Pakistan Penal Code & Important Features of PPC

Pakistan Penal Code
The Pakistan Penal Code usually called PPC is a penal code for all offences charged in Pakistan. It was originally prepared by Lord Macaulay with a great consultation in 1860 on the behalf of the Government of British India as the Indian Penal Code. After the partition of India in 1947, Pakistan inherited the same code and subsequently after several amendments in different governments,it is now mixture of Islamic and English Law. 
History...
The draft of the (British) Indian Penal Code was prepared by the First Law Commission and it was chaired by Lord Macaulay. Its basis is the law of England freed from superfluities, technicalities and local peculiarities. Suggestions were also derived from the French Penal Code and from Livingstone's Code of Louisiana. The draft underwent a very careful revision at the hands of Sir Barnes Peacock, Chief Justice, and puisne Judges of the Calcutta Supreme Court who were members of the Legislative Council, and was passed into law in 1860, unfortunately Macaulay did not survive to see his masterpiece enacted into a law.

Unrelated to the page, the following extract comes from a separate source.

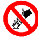
Prohibido apagar con agua
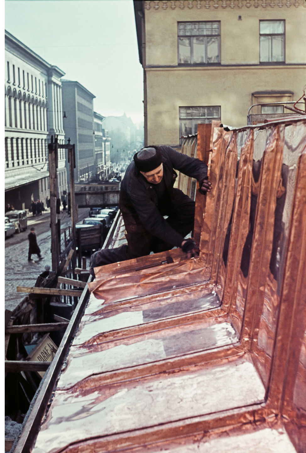
Peltiseppä työstä Porthanias kattoa. Plåtslagaren arbetar med Porthanias tak. The metal craftsman is working on Porthania's roof.

 Though it is principally the work of a man who had hardly held a brief, and whose time was devoted to politics and literature, it was universally acknowledged to be a monument of codification and an everlasting memorial to the high juristic attainments of its distinguished author. For example even cyber crimes can be punished under the code.

Important Features of PPC
Jurisdiction

Section 1. Title and extent of operation of the Code. This Act shall be called the Pakistan Penal Code, and shall take effect throughout Pakistan.

Section 4
The provisions of this Code apply also to any offence committed by:-
(1) any citizen of Pakistan or any person in the service of Pakistan in any place without and beyond Pakistan;
(4) any person on any ship or aircraft registered in Pakistan wherever it may be.
 Explanation: In this section the word "offence" includes every act committed outside Pakistan which, if committed in Pakistan, would be punishable under this Code.Extension of Code to extraterritorial offences.
Punishments..
Section 53.
The punishments to which offenders are liable under the provisions of this Code are:
Firstly, Qisas;
Secondly, Diyat;
Thirdly, Arsh; 
Fourthly, Daman;
Fifthly, Ta'zir; 
Sixthly, Death; 
Seventhly, Imprisonment for life; 
Eighthly, Imprisonment which is of two descriptions, namely:-- (i) Rigorous, i.e., with hard labour;
(ii) Simple;
Ninthly, Forfeiture of property;
Tenthly, Fine
First five punishments are added by amendments and are Islamic Punishments.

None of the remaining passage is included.